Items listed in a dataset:
══════════
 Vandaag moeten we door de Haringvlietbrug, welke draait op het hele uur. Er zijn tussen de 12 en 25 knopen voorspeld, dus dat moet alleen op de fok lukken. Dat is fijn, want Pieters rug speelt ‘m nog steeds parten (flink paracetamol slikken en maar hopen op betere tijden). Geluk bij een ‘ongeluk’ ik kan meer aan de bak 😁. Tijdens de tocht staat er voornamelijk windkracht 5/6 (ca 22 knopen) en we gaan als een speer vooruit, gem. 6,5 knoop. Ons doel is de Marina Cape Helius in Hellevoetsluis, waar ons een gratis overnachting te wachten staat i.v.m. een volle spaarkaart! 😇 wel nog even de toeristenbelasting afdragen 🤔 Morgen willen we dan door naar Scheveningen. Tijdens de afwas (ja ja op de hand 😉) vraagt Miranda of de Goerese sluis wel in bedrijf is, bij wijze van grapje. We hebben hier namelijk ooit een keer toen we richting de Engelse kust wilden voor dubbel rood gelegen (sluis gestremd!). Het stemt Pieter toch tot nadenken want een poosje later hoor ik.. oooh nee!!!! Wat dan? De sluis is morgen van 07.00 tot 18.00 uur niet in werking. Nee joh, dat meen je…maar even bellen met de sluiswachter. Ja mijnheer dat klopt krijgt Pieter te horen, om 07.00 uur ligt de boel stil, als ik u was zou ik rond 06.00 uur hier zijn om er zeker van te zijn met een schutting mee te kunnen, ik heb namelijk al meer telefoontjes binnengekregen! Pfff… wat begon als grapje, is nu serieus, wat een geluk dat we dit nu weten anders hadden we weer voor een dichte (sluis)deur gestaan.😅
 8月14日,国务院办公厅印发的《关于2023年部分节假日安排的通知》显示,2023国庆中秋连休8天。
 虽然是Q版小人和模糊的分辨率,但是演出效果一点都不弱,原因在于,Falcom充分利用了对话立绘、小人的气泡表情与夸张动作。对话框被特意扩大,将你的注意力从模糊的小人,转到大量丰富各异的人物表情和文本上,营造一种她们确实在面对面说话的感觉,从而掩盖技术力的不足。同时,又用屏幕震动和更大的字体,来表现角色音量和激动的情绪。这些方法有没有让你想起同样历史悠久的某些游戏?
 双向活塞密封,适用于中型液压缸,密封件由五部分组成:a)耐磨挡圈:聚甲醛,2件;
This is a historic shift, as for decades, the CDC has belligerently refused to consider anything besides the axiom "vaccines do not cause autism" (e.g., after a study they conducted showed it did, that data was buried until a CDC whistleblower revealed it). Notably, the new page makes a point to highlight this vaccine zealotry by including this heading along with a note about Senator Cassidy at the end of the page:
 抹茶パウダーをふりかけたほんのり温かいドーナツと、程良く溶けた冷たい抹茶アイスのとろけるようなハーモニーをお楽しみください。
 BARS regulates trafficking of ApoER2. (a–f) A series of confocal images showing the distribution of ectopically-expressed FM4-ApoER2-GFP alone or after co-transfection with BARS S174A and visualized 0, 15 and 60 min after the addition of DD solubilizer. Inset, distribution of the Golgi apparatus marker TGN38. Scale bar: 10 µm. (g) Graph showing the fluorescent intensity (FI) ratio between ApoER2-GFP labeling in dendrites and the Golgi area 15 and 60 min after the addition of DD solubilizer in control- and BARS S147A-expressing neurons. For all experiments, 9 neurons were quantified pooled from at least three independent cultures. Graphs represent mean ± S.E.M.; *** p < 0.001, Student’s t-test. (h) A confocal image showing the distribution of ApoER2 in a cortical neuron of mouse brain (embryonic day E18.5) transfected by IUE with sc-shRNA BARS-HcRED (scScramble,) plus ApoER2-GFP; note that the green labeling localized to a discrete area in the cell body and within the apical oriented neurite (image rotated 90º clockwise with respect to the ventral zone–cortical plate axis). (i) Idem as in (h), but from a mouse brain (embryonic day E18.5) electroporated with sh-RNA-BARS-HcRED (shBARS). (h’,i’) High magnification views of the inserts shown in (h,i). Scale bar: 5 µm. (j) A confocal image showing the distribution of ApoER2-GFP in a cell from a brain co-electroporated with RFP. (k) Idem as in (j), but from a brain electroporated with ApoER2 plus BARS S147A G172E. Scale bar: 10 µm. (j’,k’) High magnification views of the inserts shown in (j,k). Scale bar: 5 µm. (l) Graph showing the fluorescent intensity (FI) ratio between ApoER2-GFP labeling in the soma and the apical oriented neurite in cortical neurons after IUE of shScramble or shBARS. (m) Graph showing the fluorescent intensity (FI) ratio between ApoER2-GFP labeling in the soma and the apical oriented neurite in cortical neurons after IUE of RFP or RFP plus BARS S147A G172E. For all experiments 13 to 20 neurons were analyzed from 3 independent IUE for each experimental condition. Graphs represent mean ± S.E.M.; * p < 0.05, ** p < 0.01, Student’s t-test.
══════════
§ **Work order**:
Would you write out all of the data again, unchanged?

§ **Written answer**:
 Vandaag moeten we door de Haringvlietbrug, welke draait op het hele uur. Er zijn tussen de 12 en 25 knopen voorspeld, dus dat moet alleen op de fok lukken. Dat is fijn, want Pieters rug speelt ‘m nog steeds parten (flink paracetamol slikken en maar hopen op betere tijden). Geluk bij een ‘ongeluk’ ik kan meer aan de bak 😁. Tijdens de tocht staat er voornamelijk windkracht 5/6 (ca 22 knopen) en we gaan als een speer vooruit, gem. 6,5 knoop. Ons doel is de Marina Cape Helius in Hellevoetsluis, waar ons een gratis overnachting te wachten staat i.v.m. een volle spaarkaart! 😇 wel nog even de toeristenbelasting afdragen 🤔 Morgen willen we dan door naar Scheveningen. Tijdens de afwas (ja ja op de hand 😉) vraagt Miranda of de Goerese sluis wel in bedrijf is, bij wijze van grapje. We hebben hier namelijk ooit een keer toen we richting de Engelse kust wilden voor dubbel rood gelegen (sluis gestremd!). Het stemt Pieter toch tot nadenken want een poosje later hoor ik.. oooh nee!!!! Wat dan? De sluis is morgen van 07.00 tot 18.00 uur niet in werking. Nee joh, dat meen je…maar even bellen met de sluiswachter. Ja mijnheer dat klopt krijgt Pieter te horen, om 07.00 uur ligt de boel stil, als ik u was zou ik rond 06.00 uur hier zijn om er zeker van te zijn met een schutting mee te kunnen, ik heb namelijk al meer telefoontjes binnengekregen! Pfff… wat begon als grapje, is nu serieus, wat een geluk dat we dit nu weten anders hadden we weer voor een dichte (sluis)deur gestaan.😅
 8月14日,国务院办公厅印发的《关于2023年部分节假日安排的通知》显示,2023国庆中秋连休8天。
 虽然是Q版小人和模糊的分辨率,但是演出效果一点都不弱,原因在于,Falcom充分利用了对话立绘、小人的气泡表情与夸张动作。对话框被特意扩大,将你的注意力从模糊的小人,转到大量丰富各异的人物表情和文本上,营造一种她们确实在面对面说话的感觉,从而掩盖技术力的不足。同时,又用屏幕震动和更大的字体,来表现角色音量和激动的情绪。这些方法有没有让你想起同样历史悠久的某些游戏?
 双向活塞密封,适用于中型液压缸,密封件由五部分组成:a)耐磨挡圈:聚甲醛,2件;
This is a historic shift, as for decades, the CDC has belligerently refused to consider anything besides the axiom "vaccines do not cause autism" (e.g., after a study they conducted showed it did, that data was buried until a CDC whistleblower revealed it). Notably, the new page makes a point to highlight this vaccine zealotry by including this heading along with a note about Senator Cassidy at the end of the page:
 抹茶パウダーをふりかけたほんのり温かいドーナツと、程良く溶けた冷たい抹茶アイスのとろけるようなハーモニーをお楽しみください。
 BARS regulates trafficking of ApoER2. (a–f) A series of confocal images showing the distribution of ectopically-expressed FM4-ApoER2-GFP alone or after co-transfection with BARS S174A and visualized 0, 15 and 60 min after the addition of DD solubilizer. Inset, distribution of the Golgi apparatus marker TGN38. Scale bar: 10 µm. (g) Graph showing the fluorescent intensity (FI) ratio between ApoER2-GFP labeling in dendrites and the Golgi area 15 and 60 min after the addition of DD solubilizer in control- and BARS S147A-expressing neurons. For all experiments, 9 neurons were quantified pooled from at least three independent cultures. Graphs represent mean ± S.E.M.; *** p < 0.001, Student’s t-test. (h) A confocal image showing the distribution of ApoER2 in a cortical neuron of mouse brain (embryonic day E18.5) transfected by IUE with sc-shRNA BARS-HcRED (scScramble,) plus ApoER2-GFP; note that the green labeling localized to a discrete area in the cell body and within the apical oriented neurite (image rotated 90º clockwise with respect to the ventral zone–cortical plate axis). (i) Idem as in (h), but from a mouse brain (embryonic day E18.5) electroporated with sh-RNA-BARS-HcRED (shBARS). (h’,i’) High magnification views of the inserts shown in (h,i). Scale bar: 5 µm. (j) A confocal image showing the distribution of ApoER2-GFP in a cell from a brain co-electroporated with RFP. (k) Idem as in (j), but from a brain electroporated with ApoER2 plus BARS S147A G172E. Scale bar: 10 µm. (j’,k’) High magnification views of the inserts shown in (j,k). Scale bar: 5 µm. (l) Graph showing the fluorescent intensity (FI) ratio between ApoER2-GFP labeling in the soma and the apical oriented neurite in cortical neurons after IUE of shScramble or shBARS. (m) Graph showing the fluorescent intensity (FI) ratio between ApoER2-GFP labeling in the soma and the apical oriented neurite in cortical neurons after IUE of RFP or RFP plus BARS S147A G172E. For all experiments 13 to 20 neurons were analyzed from 3 independent IUE for each experimental condition. Graphs represent mean ± S.E.M.; * p < 0.05, ** p < 0.01, Student’s t-test.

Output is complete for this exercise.